- The Washington Times - Saturday, December 11, 2004

In a world of ultraviolent video games, where dexterity of the thumb and index finger is infinitely more important than the flexing of the cerebrum, there must be a place for children and their parents to interact and actually learn something from that overpriced multimedia computer/gaming system. Take a deep breath and enter the ROMper Room, where learning is a four-letter word — cool.

Tickling the ivories has never been more fun than when the Piano Professor stops by to help. The 37-key, stand-alone minipiano and its companion CD-ROM cartoony adventure give the 5-year-old-and-older crowd a reason to hone skills and discover the merits of playing an instrument.

After plugging the piano into the computer (and letting it miraculously install itself on Windows 98 and older systems) and popping in the CD-ROM, the child sees an animated segment showing a classic conflict between mother and son as little Joey has zero interest in practicing his piano lessons.

However, after a mysterious light emanates from one of the keys, he is whisked away into Zauber World to meet some strange characters and have a pleasurable learning experience.

The world is broken into three areas: the Game Dome, Piano Room and Lesson Mode, each of which features a cast of colorful characters and plenty of musical opportunities.

A visit to the Lesson Mode leads to an introduction to 299-year-old Music Master Compi, who will lead the child through 10 graded lessons. The child will work on familiarity with musical nomenclature and proficiency on the keyboard.

Tutorials include identifying note names on the bass and treble staff by dragging them onto appropriate lines or spaces, recognizing the pitch of notes and understanding the key layout on a piano.

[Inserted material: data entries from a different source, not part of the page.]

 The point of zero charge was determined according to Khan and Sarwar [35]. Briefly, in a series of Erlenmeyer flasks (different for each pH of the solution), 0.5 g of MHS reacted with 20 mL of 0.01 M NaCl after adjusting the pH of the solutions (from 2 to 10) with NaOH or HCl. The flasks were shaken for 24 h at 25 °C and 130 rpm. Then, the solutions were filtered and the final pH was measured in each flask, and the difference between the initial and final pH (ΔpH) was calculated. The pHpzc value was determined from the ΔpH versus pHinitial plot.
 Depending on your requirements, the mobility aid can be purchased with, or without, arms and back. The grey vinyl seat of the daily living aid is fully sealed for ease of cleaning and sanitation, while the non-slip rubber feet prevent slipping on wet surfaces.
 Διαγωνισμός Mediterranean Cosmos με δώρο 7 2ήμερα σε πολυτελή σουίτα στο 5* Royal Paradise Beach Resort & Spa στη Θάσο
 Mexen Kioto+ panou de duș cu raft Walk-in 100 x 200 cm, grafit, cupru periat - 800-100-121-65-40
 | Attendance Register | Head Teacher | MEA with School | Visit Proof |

Children who complete all 10 lessons are awarded a toy, now found in Joey’s bedroom.

A stop by the Game Dome leads to four on-screen activities geared cleverly to refine concepts established in the Lesson Mode. Games will aggravate as well as challenge.

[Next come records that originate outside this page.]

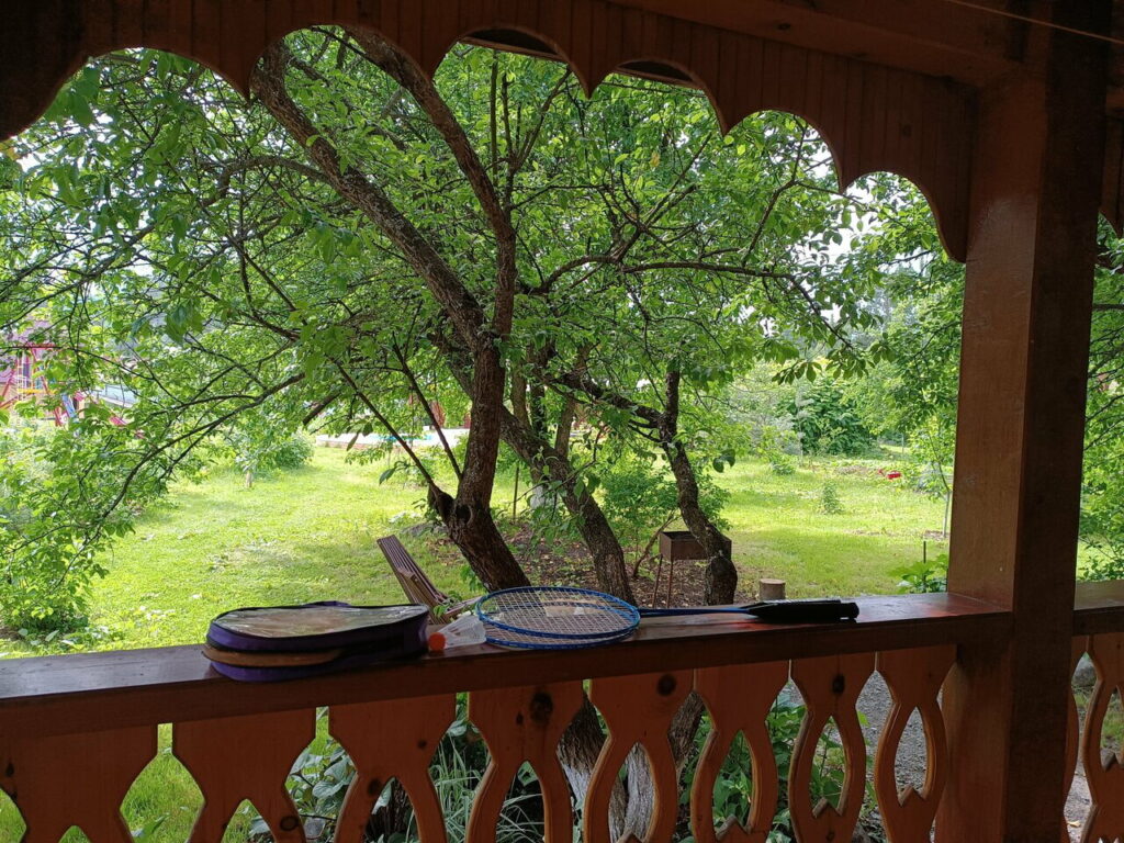 Приподнятость над уровнем воды обеспечивает защиту от ветра и от утренней и вечерней сырости. На территории усадьбы много цветов, а так же большой фруктовый сад в котором буквально утопают гостевые дома и кстати перед одним из них есть танцевальная площадка. Будем рады принять у себя компании и семьи с детьми, ведь территория усадьбы очень обширна, что очень понравится маленьким исследователям.
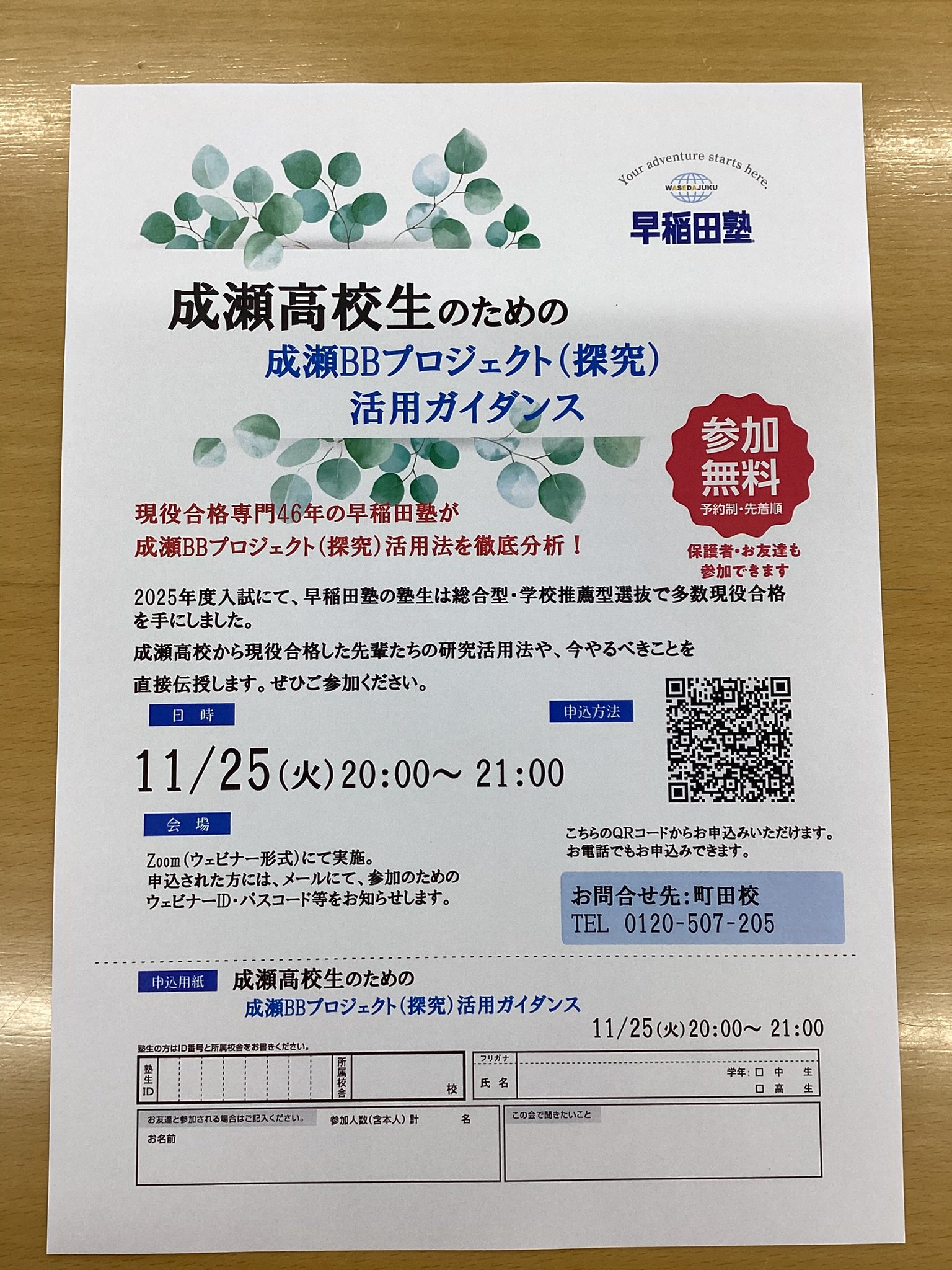 皆さんこんにちは!今回は、『【成瀬高校生必見!】成瀬BBプロジェクト(探究)活用ガイダンス 開催実施のお知らせ』です!
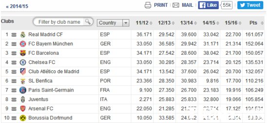 另外,有着“欧联杯盟主”之霸气外号的塞维利亚则排在第19;而曼彻斯特双雄也都排在了10名以外,其中曼城排名第14,而曼联更是仅仅排名第20,不及那不勒斯、波尔图这样的欧洲二线球队。
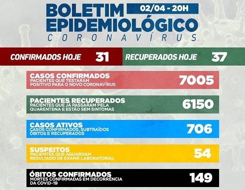 Com mais 31 confirmações, Campo Mourão chegou nesta sexta-feira a 7.005 casos de covid desde o início da pandemia. Os recuperados foram 37 e o número de moradores com o vírus ativo caiu para 706. O número de suspeitos é 54, o menor em muito tempo. As más notícias do dia são mais duas mortes (total de 149) e a UTI do SUS que voltou a ficar superlotada (taxa de 108%).
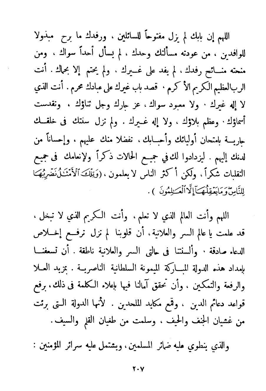 اللَّهُمَّ إنَّ بَابَك لَمْ يَزَلْ مَفْتُوحًا لِلسَّائِلِينَ وَرِفْدَك مَا بَرِحَ مَبْذُولًا لِلْوَافِدِينَ مَنْ عَوَّدْته مَسْأَلَتَك وَحْدَك لَمْ يَسْأَلْ أَحَدًا سِوَاك وَمَنْ مَنَحْته منائح رِفْدِك لَمْ يَفِدْ عَلَى غَيْرِك وَلَمْ يَحْتَمِ إلَّا بِحِمَاك. أَنْتَ الرَّبُّ الْعَظِيمُ الْكَرِيمُ الْأَكْرَمُ قَصْدُ بَابِ غَيْرِك عَلَى عِبَادِك مُحَرَّمٌ. أَنْتَ الَّذِي لَا إلَهَ غَيْرُك وَلَا مَعْبُودَ سِوَاك عَزَّ جَارُك وَجَلَّ ثَنَاؤُك وَتَقَدَّسَتْ أَسْمَاؤُك وَعَظُمَ بَلَاؤُك وَلَا إلَهَ غَيْرُك. وَلَمْ تَزَلْ سُنَّتُك فِي خَلْقِك جَارِيَةً بِامْتِحَانِ أَوْلِيَائِك وَأَحْبَابِك تَفَضُّلًا مِنْك عَلَيْهِمْ وَإِحْسَانًا مِنْ لَدُنْك إلَيْهِمْ. لِيَزْدَادُوا لَك فِي جَمِيعِ الْحَالَاتِ ذِكْرًا وَلِإِنْعَامِك فِي جَمِيعِ التَّقَلُّبَاتِ شُكْرًا وَلَكِنَّ أَكْثَرَ النَّاسِ لَا يَعْلَمُونَ {وَتِلْكَ الْأَمْثَالُ نَضْرِبُهَا لِلنَّاسِ وَمَا يَعْقِلُهَا إلَّا الْعَالِمُونَ} . اللَّهُمَّ وَأَنْتَ الْعَالِمُ الَّذِي لَا تُعْلَمُ وَأَنْتَ الْكَرِيمُ الَّذِي لَا تَبْخَلُ قَدْ عَلِمْت يَا عَالِمَ السِّرِّ وَالْعَلَانِيَةِ أَنَّ قُلُوبَنَا لَمْ تَزَلْ تَرْفَعُ إخْلَاصَ الدُّعَاءِ صَادِقَةً وَأَلْسِنَتَنَا فِي حَالَتَيْ السِّرِّ وَالْعَلَانِيَةِ نَاطِقَةٌ. أَنْ تُسْعِفَنَا بِإِمْدَادِ هَذِهِ الدَّوْلَةِ الْمُبَارَكَةِ الْمَيْمُونَةِ السُّلْطَانِيَّةِ النَّاصِرِيَّةِ. بِمَزِيدِ الْعُلَا وَالرِّفْعَةِ وَالتَّمْكِينِ وَأَنْ تُحَقِّقَ آمَالَنَا فِيهَا بِإِعْلَاءِ الْكَلِمَةِ فِي ذَلِكَ بِرَفْعِ قَوَاعِدِ دَعَائِمِ الدِّينِ وَقَمْعِ مَكَايِدِ الْمُلْحِدِينَ. لِأَنَّهَا الدَّوْلَةُ الَّتِي بَرِئَتْ مِنْ غَشَيَانِ الْجَنَفِ وَالْحَيْفِ وَسَلِمَتْ مِنْ طُغْيَانِ الْقَلَمِ وَالسَّيْفِ. وَاَلَّذِي يَنْطَوِي عَلَيْهِ ضَمَائِرُ الْمُسْلِمِينَ وَيَشْتَمِلُ عَلَيْهِ سَرَائِرُ الْمُؤْمِنِينَ:

For instance, the player can release magically trapped bugs by using a flute to identify pitches as higher or lower. Another game has the player striking a correct keyboard note to drop a hammer on an unsuspecting mole that pops out of a hole next to the note’s letter equivalent.

A final jaunt over to the Piano Room unleashes a robust creative environment. Children can record their own compositions, freely play around the keyboard as it paints notes on the screen, choose different sounds for the instrument and listen to or learn 60 songs, including Christmas favorites.

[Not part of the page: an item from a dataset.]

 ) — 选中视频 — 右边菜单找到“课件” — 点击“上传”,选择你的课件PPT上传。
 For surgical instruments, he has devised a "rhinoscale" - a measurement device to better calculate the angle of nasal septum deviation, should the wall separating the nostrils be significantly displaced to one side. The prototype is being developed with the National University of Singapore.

The digital musical adventure should satisfy its target audience (with a few parental explanations), although it has a few stumbling blocks.

The child will be using a mouse as much as the minipiano keyboard as he or she looks around for challenges, which seems a bit odd because the point is to become one with the piano.

Please note: A mere 10 lessons will not a virtuoso make, and I found many of Master Compi’s challenges fairly difficult and lacking in cohesive instruction, especially when I was not performing the required lesson correctly.

Still, the Piano Professor did work flawlessly, and the limitless potential for song construction combined with engaging graphics makes it a potent cure for the piano-practice blues.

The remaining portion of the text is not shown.